Differential Expression of Utrophin-A and -B Promoters in the Central Nervous System (CNS) of Normal and Dystrophic mdx Mice
Article first published online: 27 MAY 2009
© 2009 The Authors; Journal Compilation © 2009 International Society of Neuropathology
Volume 20, Issue 2, pages 323–342, March 2010
How to Cite
Baby, S. M., Bogdanovich, S., Willmann, G., Basu, U., Lozynska, O. and Khurana, T. S. (2010), Differential Expression of Utrophin-A and -B Promoters in the Central Nervous System (CNS) of Normal and Dystrophic mdx Mice. Brain Pathology, 20: 323–342. doi: 10.1111/j.1750-3639.2009.00275.x
- Issue published online: 2 FEB 2010
- Article first published online: 27 MAY 2009
- Received/accepted 19 March 2009.
- central nervous system;
- mdx mice;
- utrophin-A and -B promoters
Utrophin (Utrn) is the autosomal homolog of dystrophin, the Duchene Muscular Dystrophy (DMD) locus product and of therapeutic interest, as its overexpression can compensate dystrophin's absence. Utrn is transcribed by Utrn-A and -B promoters with mRNAs differing at their 5′ ends. However, previous central nervous system (CNS) studies used C-terminal antibodies recognizing both isoforms.

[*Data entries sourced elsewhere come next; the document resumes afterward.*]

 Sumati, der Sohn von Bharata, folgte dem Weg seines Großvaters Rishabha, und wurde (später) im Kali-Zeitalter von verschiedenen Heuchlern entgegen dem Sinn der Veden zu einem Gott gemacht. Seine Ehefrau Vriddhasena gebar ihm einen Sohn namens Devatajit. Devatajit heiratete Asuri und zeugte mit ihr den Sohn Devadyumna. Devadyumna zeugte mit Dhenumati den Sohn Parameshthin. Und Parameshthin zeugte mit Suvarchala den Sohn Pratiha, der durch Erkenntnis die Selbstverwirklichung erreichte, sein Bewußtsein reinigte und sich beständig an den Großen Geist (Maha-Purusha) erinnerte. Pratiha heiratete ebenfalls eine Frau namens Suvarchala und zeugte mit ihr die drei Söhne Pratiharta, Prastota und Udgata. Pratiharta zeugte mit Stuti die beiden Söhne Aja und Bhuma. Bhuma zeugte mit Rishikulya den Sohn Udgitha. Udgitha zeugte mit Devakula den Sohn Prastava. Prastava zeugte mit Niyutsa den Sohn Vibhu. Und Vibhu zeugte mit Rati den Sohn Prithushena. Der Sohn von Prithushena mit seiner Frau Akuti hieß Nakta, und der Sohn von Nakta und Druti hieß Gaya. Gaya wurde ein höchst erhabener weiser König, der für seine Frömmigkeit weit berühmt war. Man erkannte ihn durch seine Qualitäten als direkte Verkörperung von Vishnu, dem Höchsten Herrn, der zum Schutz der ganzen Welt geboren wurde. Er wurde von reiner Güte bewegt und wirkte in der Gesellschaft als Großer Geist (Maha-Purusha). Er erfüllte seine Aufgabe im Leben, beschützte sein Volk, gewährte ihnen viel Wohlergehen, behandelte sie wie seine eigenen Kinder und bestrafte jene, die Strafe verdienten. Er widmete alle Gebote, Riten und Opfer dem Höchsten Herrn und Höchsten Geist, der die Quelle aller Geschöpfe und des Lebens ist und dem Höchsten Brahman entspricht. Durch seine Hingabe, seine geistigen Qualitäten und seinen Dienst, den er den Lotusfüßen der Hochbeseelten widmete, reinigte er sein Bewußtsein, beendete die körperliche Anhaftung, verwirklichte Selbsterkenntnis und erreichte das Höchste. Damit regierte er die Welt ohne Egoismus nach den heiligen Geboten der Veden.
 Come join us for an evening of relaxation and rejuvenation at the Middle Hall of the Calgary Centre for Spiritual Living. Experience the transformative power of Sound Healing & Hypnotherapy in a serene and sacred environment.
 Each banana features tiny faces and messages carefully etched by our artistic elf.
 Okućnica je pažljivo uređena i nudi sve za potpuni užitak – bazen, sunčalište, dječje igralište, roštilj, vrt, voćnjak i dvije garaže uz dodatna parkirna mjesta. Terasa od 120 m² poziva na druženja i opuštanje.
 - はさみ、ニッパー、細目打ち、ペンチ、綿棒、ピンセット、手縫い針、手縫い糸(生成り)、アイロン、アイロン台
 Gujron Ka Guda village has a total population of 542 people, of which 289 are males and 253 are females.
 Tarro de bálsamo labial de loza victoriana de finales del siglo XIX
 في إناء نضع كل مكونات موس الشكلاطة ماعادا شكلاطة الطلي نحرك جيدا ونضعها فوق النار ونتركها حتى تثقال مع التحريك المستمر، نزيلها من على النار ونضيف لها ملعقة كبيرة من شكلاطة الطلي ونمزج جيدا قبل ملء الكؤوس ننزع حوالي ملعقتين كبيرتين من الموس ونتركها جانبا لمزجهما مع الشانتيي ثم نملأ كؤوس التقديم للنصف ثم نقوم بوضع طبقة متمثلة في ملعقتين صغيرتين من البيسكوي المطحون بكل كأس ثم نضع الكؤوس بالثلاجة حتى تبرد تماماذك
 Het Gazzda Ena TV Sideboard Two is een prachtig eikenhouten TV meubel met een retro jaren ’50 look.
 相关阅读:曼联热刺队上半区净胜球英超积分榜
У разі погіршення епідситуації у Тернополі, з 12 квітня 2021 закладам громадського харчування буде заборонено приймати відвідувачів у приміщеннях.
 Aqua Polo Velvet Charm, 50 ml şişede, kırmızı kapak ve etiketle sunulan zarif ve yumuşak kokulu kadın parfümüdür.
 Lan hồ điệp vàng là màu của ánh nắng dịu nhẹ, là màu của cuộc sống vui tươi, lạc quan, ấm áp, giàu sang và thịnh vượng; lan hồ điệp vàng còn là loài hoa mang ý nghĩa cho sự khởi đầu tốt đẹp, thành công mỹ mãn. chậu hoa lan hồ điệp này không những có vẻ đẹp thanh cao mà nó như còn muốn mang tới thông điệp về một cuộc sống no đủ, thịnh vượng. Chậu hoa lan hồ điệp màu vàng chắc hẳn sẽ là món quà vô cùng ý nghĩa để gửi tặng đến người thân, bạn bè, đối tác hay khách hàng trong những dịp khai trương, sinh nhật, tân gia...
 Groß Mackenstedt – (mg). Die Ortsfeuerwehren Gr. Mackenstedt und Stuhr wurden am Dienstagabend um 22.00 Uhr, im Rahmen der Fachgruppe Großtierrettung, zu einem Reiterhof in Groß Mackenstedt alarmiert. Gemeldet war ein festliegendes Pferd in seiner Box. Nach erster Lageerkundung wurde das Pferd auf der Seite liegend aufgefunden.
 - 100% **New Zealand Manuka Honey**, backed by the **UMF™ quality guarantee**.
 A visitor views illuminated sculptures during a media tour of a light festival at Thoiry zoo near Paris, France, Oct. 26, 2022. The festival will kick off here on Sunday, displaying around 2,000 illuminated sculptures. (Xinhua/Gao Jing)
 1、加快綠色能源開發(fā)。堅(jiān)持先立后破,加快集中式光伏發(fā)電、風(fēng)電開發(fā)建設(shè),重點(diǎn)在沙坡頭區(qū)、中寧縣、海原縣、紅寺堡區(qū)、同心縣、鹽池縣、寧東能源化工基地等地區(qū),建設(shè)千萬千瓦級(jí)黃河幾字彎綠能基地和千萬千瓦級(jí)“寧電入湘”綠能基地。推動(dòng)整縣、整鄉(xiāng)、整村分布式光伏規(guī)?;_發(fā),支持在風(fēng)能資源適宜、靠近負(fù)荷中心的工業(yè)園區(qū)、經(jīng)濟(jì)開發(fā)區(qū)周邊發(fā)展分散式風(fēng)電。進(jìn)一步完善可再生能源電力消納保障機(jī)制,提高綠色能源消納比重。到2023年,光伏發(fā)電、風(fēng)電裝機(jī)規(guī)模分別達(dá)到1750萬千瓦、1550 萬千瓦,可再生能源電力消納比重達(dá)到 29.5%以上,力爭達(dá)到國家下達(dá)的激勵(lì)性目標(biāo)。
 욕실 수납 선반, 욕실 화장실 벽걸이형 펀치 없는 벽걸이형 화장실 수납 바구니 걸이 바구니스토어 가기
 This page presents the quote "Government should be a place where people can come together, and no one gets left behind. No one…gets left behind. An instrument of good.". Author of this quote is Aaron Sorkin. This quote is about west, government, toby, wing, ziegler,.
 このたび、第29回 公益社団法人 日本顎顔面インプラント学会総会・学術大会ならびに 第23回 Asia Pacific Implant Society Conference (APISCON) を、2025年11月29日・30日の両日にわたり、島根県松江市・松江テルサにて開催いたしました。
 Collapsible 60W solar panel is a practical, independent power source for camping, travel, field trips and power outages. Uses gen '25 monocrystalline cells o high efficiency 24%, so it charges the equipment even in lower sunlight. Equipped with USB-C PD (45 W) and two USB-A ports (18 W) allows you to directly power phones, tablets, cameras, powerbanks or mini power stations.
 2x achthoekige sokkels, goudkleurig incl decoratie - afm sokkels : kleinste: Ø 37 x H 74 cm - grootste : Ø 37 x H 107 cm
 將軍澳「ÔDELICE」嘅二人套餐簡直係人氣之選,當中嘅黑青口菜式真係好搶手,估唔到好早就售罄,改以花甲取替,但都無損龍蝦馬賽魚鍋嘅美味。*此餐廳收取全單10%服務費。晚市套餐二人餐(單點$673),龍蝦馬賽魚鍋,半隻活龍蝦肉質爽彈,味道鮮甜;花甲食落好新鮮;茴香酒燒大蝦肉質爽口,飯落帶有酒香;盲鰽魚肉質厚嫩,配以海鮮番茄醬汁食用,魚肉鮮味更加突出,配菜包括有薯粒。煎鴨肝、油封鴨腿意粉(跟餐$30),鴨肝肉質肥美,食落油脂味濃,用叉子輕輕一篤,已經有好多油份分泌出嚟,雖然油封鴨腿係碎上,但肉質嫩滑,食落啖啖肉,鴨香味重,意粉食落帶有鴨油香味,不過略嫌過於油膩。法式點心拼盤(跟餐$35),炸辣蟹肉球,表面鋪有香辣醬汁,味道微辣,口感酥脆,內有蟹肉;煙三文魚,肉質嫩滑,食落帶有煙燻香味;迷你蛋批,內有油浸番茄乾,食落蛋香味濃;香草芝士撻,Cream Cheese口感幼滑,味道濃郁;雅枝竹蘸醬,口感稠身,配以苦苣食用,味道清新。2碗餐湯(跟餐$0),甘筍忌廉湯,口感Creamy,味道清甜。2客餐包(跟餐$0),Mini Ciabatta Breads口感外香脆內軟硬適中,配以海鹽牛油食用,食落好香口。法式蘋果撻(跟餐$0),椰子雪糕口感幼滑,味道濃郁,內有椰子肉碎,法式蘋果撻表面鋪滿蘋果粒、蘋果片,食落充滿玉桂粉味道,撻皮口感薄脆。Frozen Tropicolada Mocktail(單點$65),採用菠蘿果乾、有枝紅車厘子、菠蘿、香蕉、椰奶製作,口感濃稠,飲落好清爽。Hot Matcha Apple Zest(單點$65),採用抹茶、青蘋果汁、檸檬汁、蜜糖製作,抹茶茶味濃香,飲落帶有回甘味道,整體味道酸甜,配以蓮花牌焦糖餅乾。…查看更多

As this distinction may impact upregulation strategies, we generated Utrn-A and -B promoter-specific antibodies, Taqman Polymerase chain reaction (PCR)-based absolute copy number assays, and luciferase-reporter constructs to study CNS of normal and dystrophic mdx mice. Differential expression of Utrn-A and -B was noted in microdissected and capillary-enriched fractions. At the protein level, Utrn-B was predominantly expressed in vasculature and ependymal lining, whereas Utrn-A was expressed in neurons, astrocytes, choroid plexus and pia mater. mRNA quantification demonstrated matching patterns of differential expression; however, transcription–translation mismatch was noted for Utrn-B in caudal brain regions. Utrn-A and Utrn-B proteins were significantly upregulated in olfactory bulb and cerebellum of mdx brain. Differential promoter activity, mRNA and protein expressions were studied in cultured C2C12, bEnd3, neurons and astrocytes. Promoter activity ranking for Utrn-A and -B was neurons > astrocytes > C2C12 > bEnd3 and bEnd3 > astrocytes > neurons > C2C12, respectively. Our results identify promoter usage patterns for therapeutic targeting and define promoter-specific differential distribution of Utrn isoforms in normal and dystrophic CNS.